"Hello Afrika" is a 1990 song recorded by Sweden-based musician and producer Dr Alban. It was released as the debut single from his first album with the same name (1990). It features Swedish Eurodance singer Leila K. The song is similar to Eddy Grant's "Hello Africa", but in the style of hip hop. It peaked at number one in Austria and achieved a great success in most of the other European countries, including Sweden, Germany and Switzerland.
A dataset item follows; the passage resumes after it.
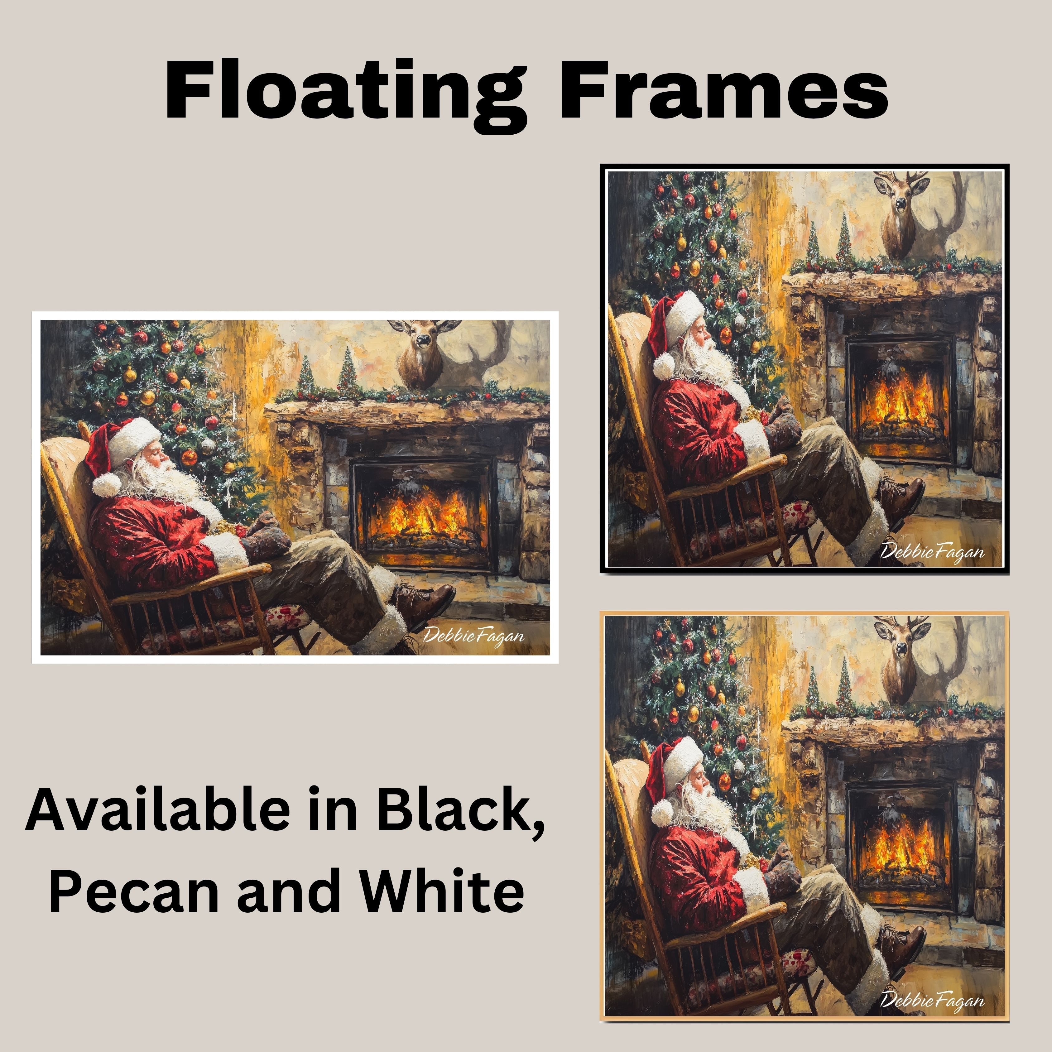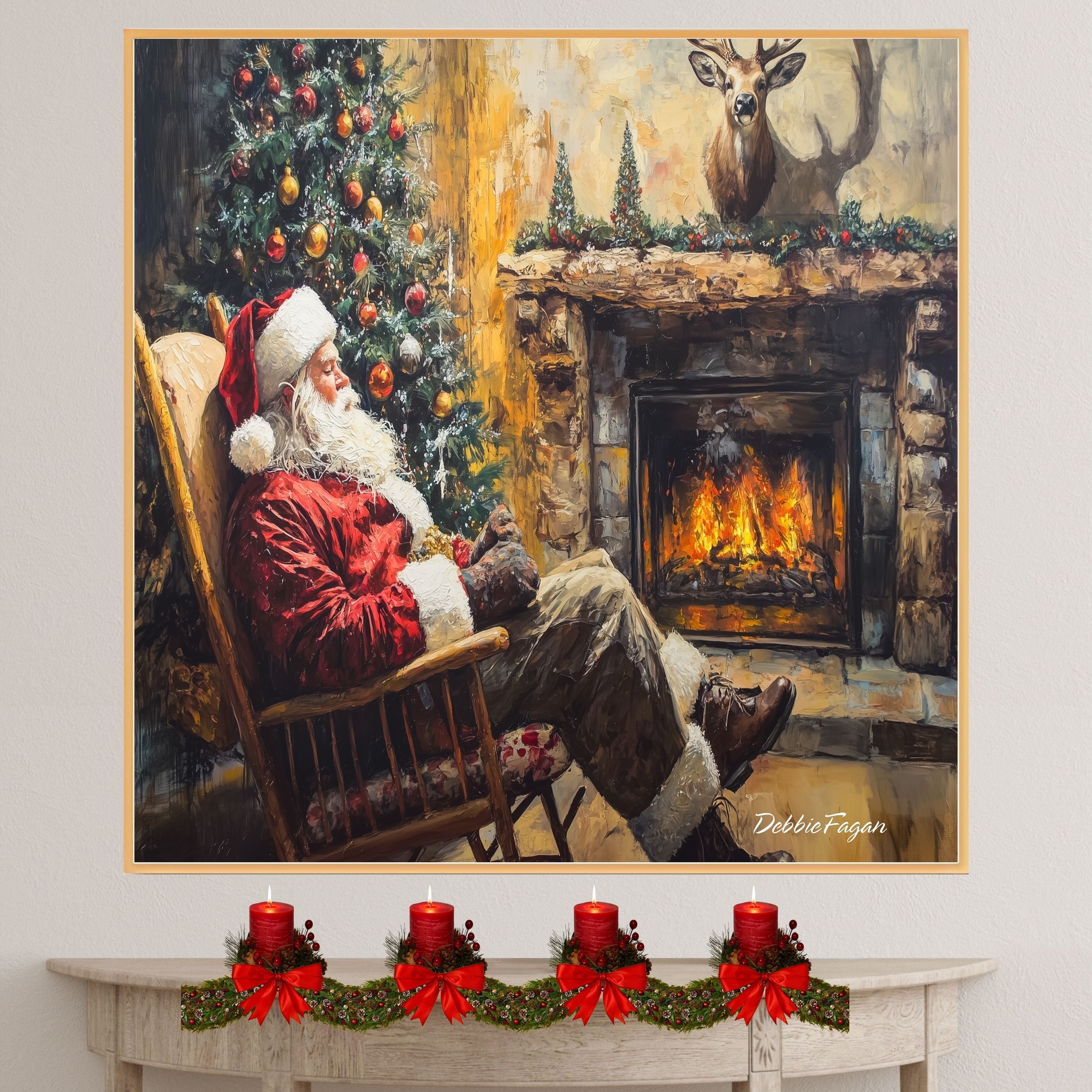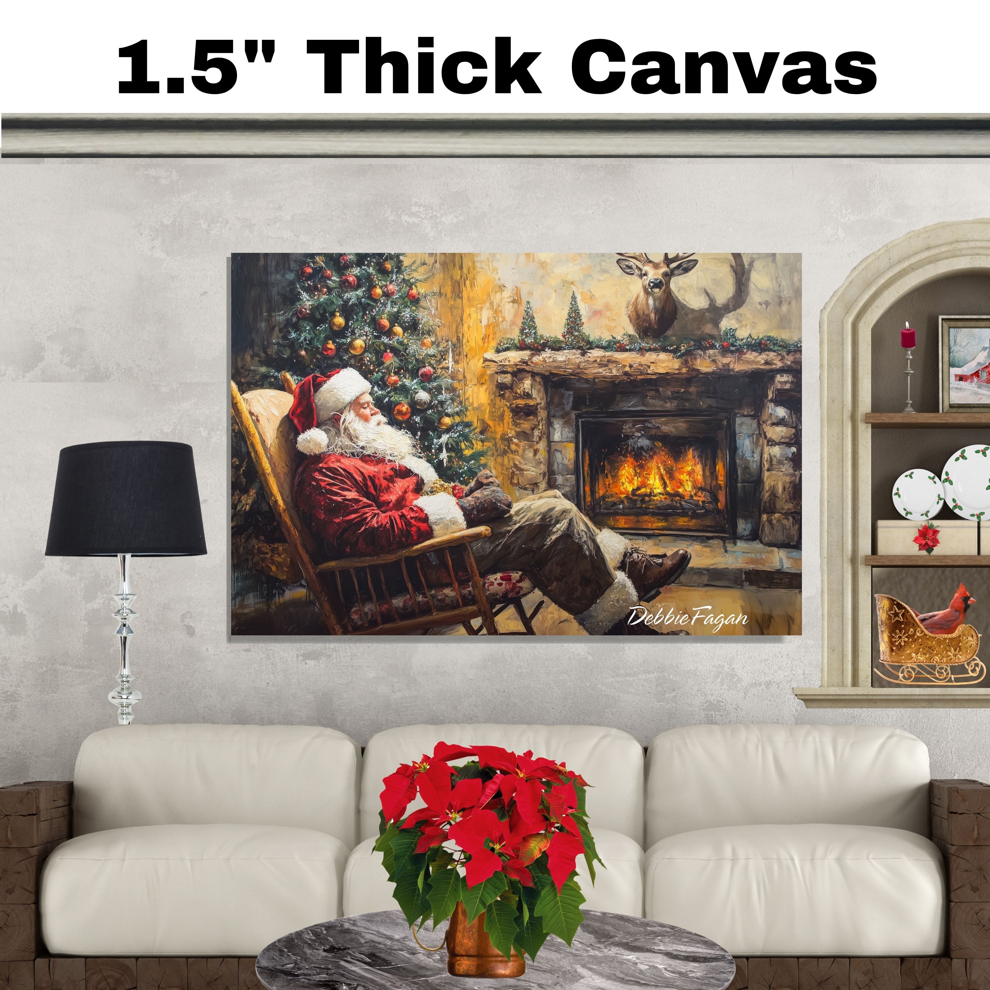Santa Claus by the Fireplace with Stockings – Cozy Christmas Wall Art Print on Ready to Hang 1.5" Thick Canvas Wrap, Floating Framed Canvas, Flat Rolled Canvas

Dr. Alban has stated that "Hello Afrika" took about two months to record. In the 2017 book Stars of 90's Dance Pop: 29 Hitmakers Discuss Their Careers by James Arena, he told about meeting Denniz PoP and of the making of the song, "We met through the DJ channels, as he was working as one at the same time I was. We just started working together on "Hello Afrika", and it all came together. We had a good chemistry, and we just thought, "Come on, let's go in the studio and see what we can do." It was hard to get the song initially released, but the thing is that other DJs (who we gave it to before we had a record deal) played the track and liked it. That built demand for it in the clubs, and then it started to hit radio. That later paved the way for our deal with [Logic and Ariola Records]."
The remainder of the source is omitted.